Task statement → The entire listing below is to be written out exactly, minus the pictures.

Data for analysis →
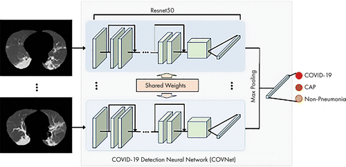 Here is an overall diagram of the “COVID-19 vs. CAP vs. non-pneumonia” model. Note that the U-Net preprocessing step is not explicitly shown:
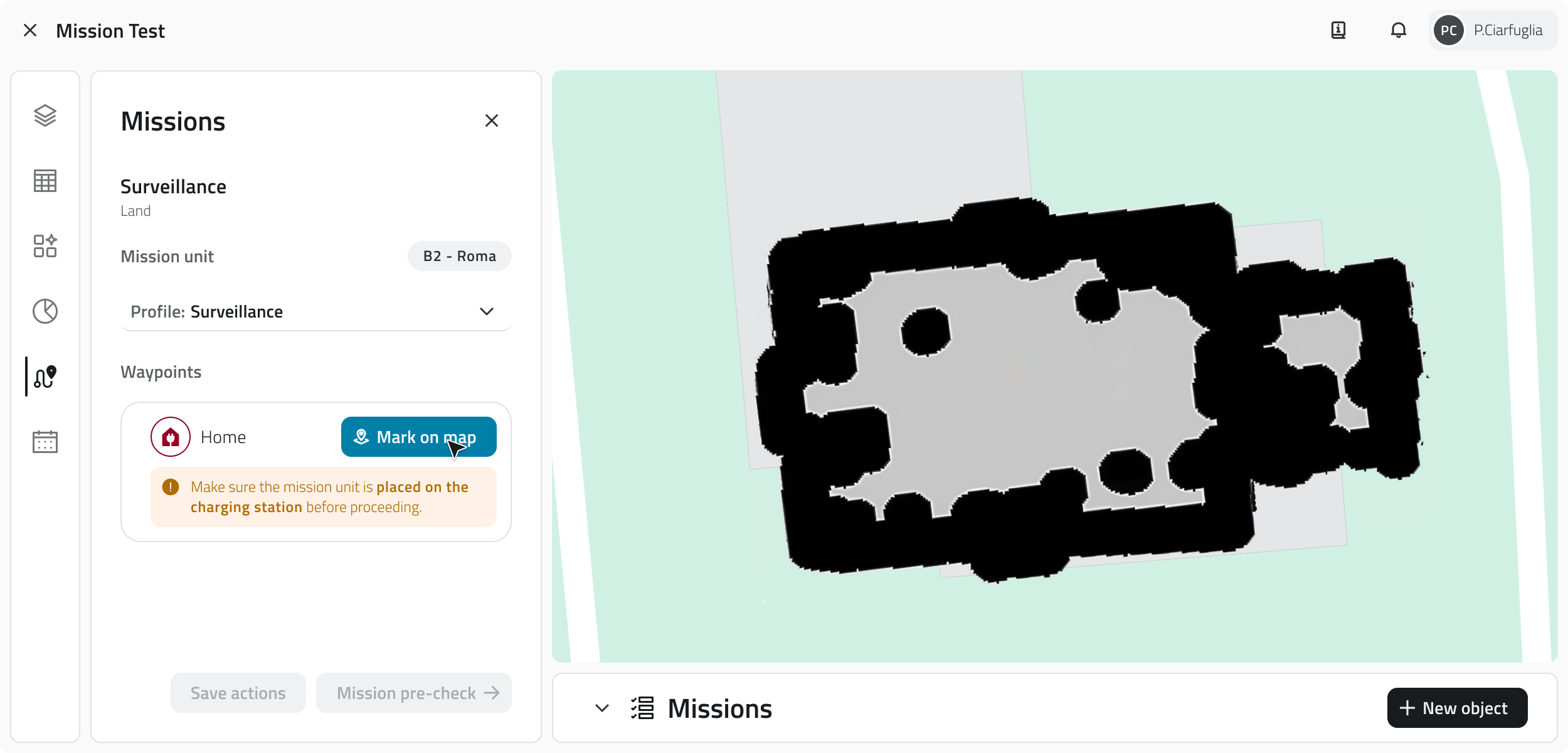 - Per avviare la missione, almeno un Waypoint deve avere almeno un’azione configurata
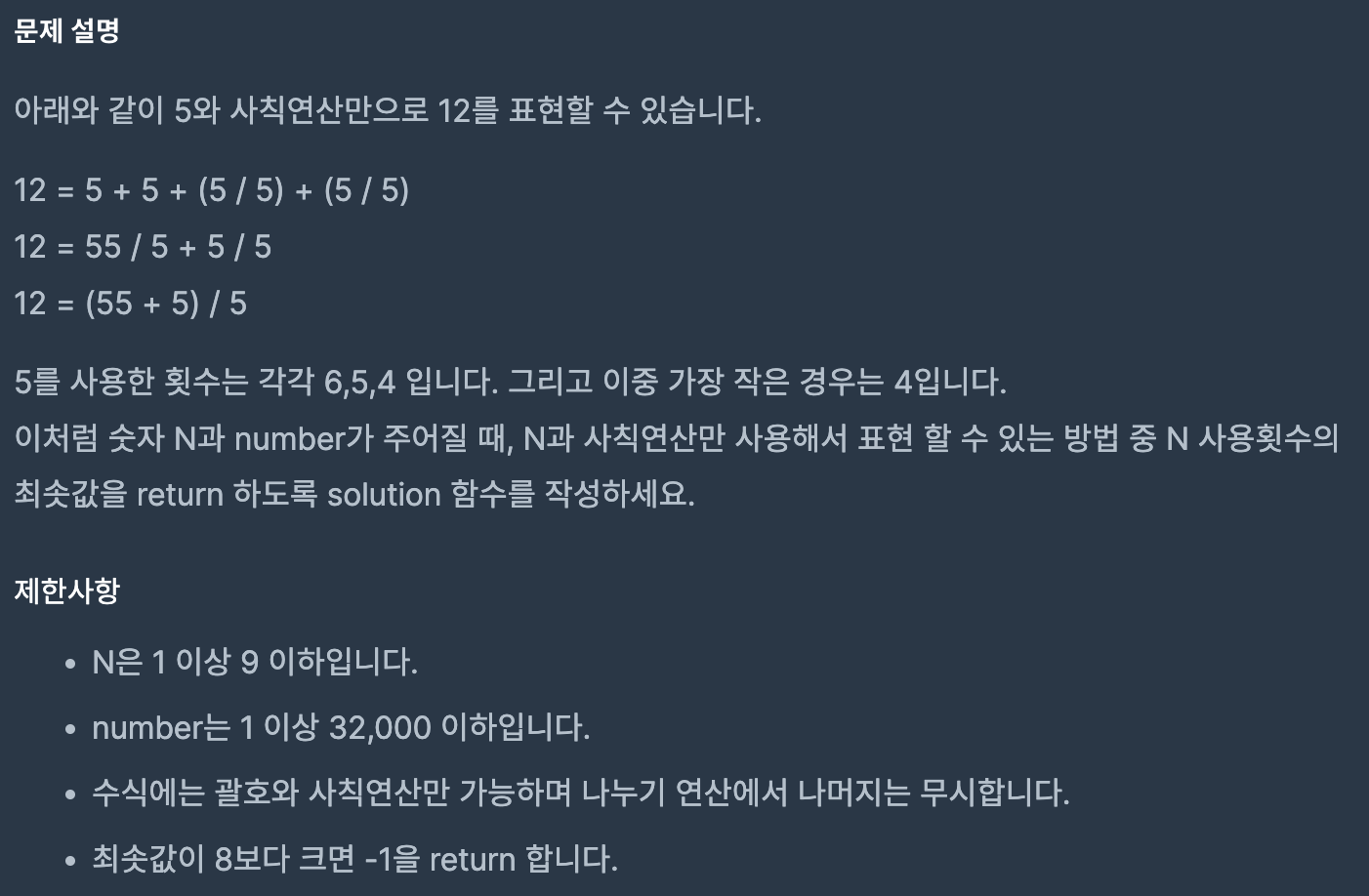 숫자 N과 number가 주어질 때, N과 사칙연산만 사용해서 표현 할 수 있는 방법 중 N 사용횟수의 최솟값을 return 하는 solution
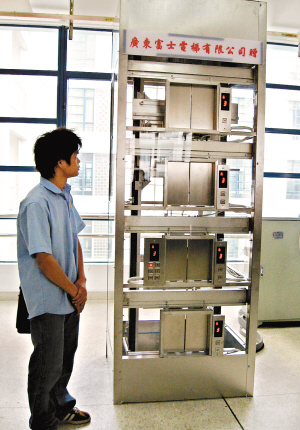 据了解,这是一家电梯有限公司专门为顺德职院机电系学生量身定做的教学用电梯模型。电梯技术人员介绍,这台“电梯”富含各种科技技术,有很好的科研价值。
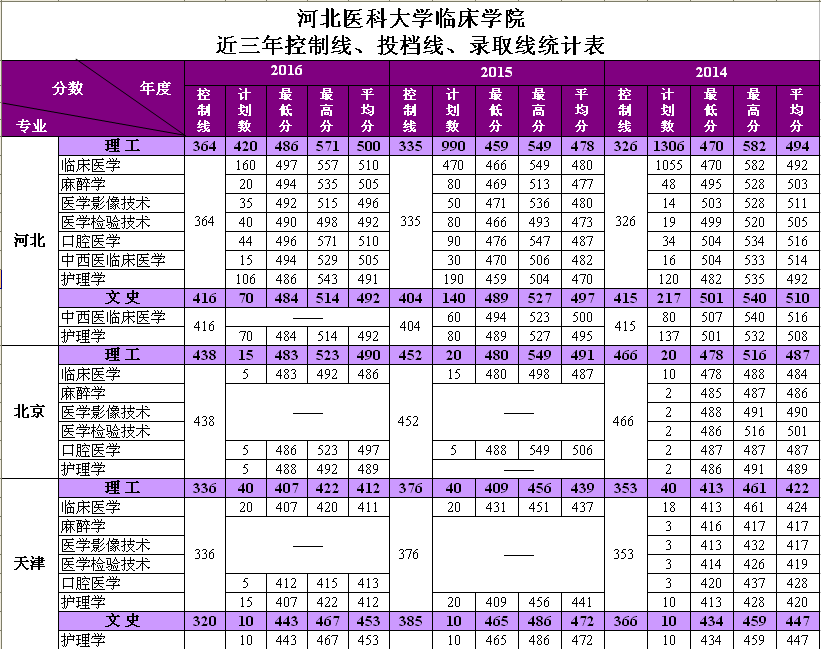 蜜桃直播 2014-2016年控制线、投档线、录取线统计表
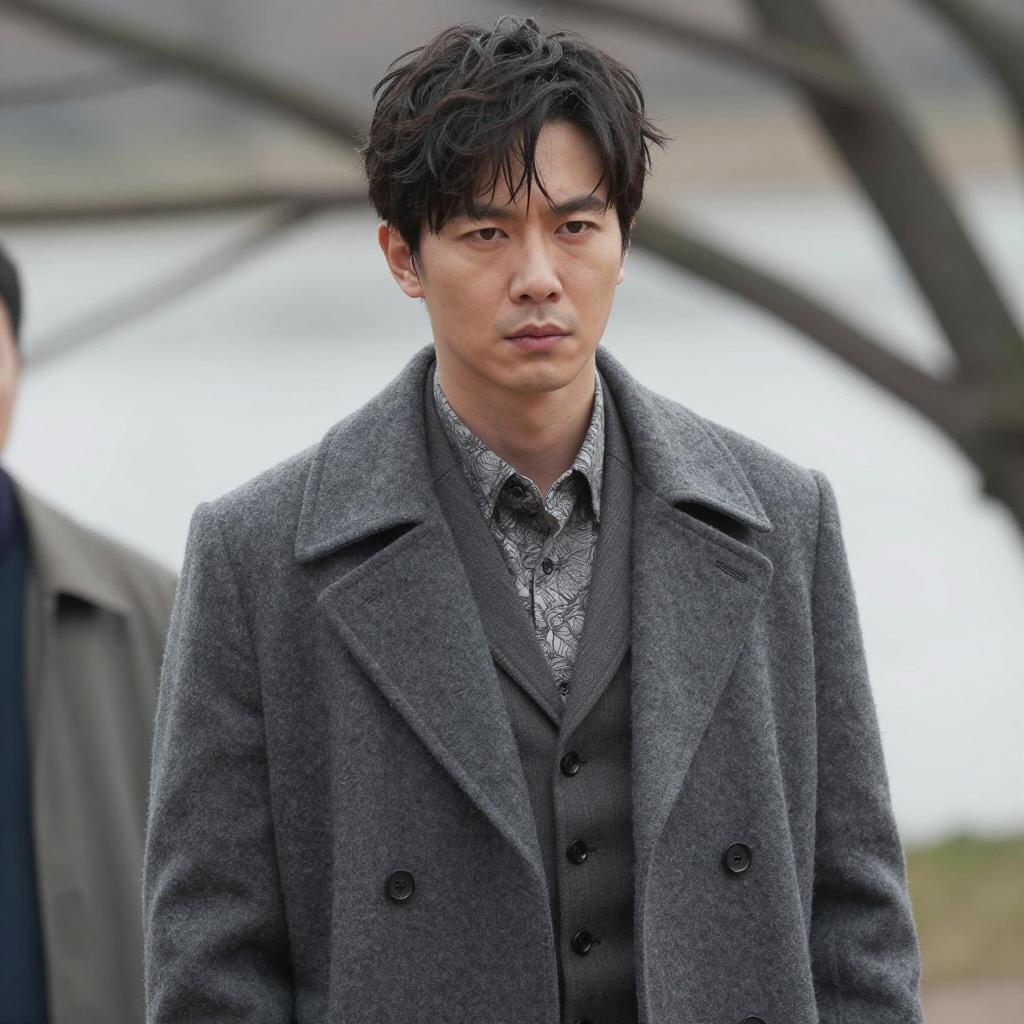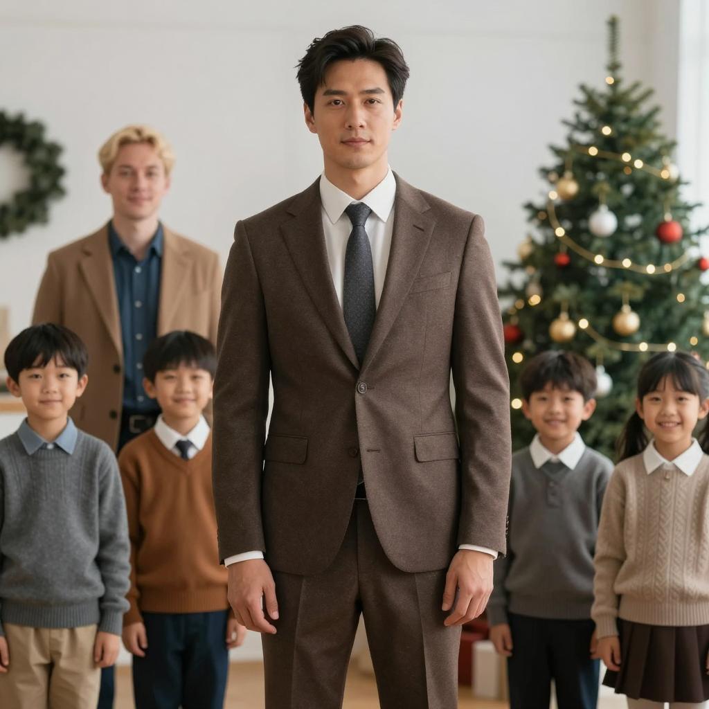 Portrait of an Asian man with dark hair wearing a brown suit and gray tie standing at the center indoors. Behind him are six smiling children dressed in sweaters and collared shirts, along with a blonde man in a tan coat. A decorated Christmas tree with lights and ornaments is visible to the right, creating a warm festive atmosphere.
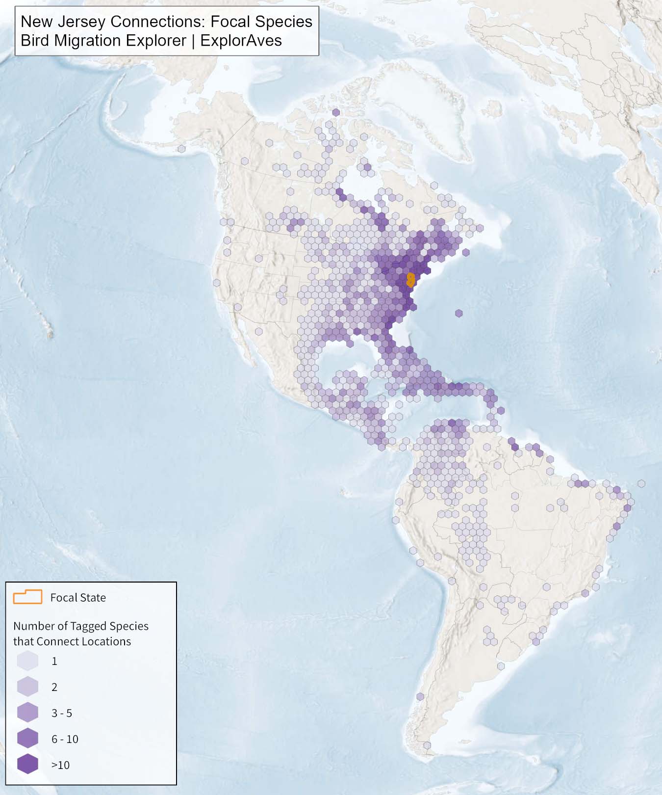 This map shows direct connections between New Jersey and other locations across the Western Hemisphere based on tagging data available in the Bird Migration Explorer for the state’s migratory focal species. Connections are based on bird band encounter records, automated radio telemetry, archival geolocators, satellite and GPS tracking, or genetic markers that document the movement of individual birds. The map displays the number of migratory focal species that connect each location (hexagon) to New Jersey. While these data offer valuable insight, they do not capture the complete picture of all connections because they only present available tagging data for the subset of species of concern identified by each state. The multi-species tagging connections map illustrates the need to protect, restore, enhance and manage safe habitat in locations connected to the state to ensure migratory species can access the resources they need across the full annual cycle. As individual birds travel between species’ summer (breeding) and winter (stationary non-breeding) ranges, they traverse geopolitical boundaries, underscoring the need for coordinated conservation efforts to maximize the return on conservation investments in New Jersey. Additionally, multi-species connection maps illustrate New Jersey's crucial role in safeguarding the migratory movements of these species.

Reply to the exercise →
 Here is an overall diagram of the “COVID-19 vs. CAP vs. non-pneumonia” model. Note that the U-Net preprocessing step is not explicitly shown:
 - Per avviare la missione, almeno un Waypoint deve avere almeno un’azione configurata
 숫자 N과 number가 주어질 때, N과 사칙연산만 사용해서 표현 할 수 있는 방법 중 N 사용횟수의 최솟값을 return 하는 solution
 据了解,这是一家电梯有限公司专门为顺德职院机电系学生量身定做的教学用电梯模型。电梯技术人员介绍,这台“电梯”富含各种科技技术,有很好的科研价值。
 蜜桃直播 2014-2016年控制线、投档线、录取线统计表
 Portrait of an Asian man with dark hair wearing a brown suit and gray tie standing at the center indoors. Behind him are six smiling children dressed in sweaters and collared shirts, along with a blonde man in a tan coat. A decorated Christmas tree with lights and ornaments is visible to the right, creating a warm festive atmosphere.
 This map shows direct connections between New Jersey and other locations across the Western Hemisphere based on tagging data available in the Bird Migration Explorer for the state’s migratory focal species. Connections are based on bird band encounter records, automated radio telemetry, archival geolocators, satellite and GPS tracking, or genetic markers that document the movement of individual birds. The map displays the number of migratory focal species that connect each location (hexagon) to New Jersey. While these data offer valuable insight, they do not capture the complete picture of all connections because they only present available tagging data for the subset of species of concern identified by each state. The multi-species tagging connections map illustrates the need to protect, restore, enhance and manage safe habitat in locations connected to the state to ensure migratory species can access the resources they need across the full annual cycle. As individual birds travel between species’ summer (breeding) and winter (stationary non-breeding) ranges, they traverse geopolitical boundaries, underscoring the need for coordinated conservation efforts to maximize the return on conservation investments in New Jersey. Additionally, multi-species connection maps illustrate New Jersey's crucial role in safeguarding the migratory movements of these species.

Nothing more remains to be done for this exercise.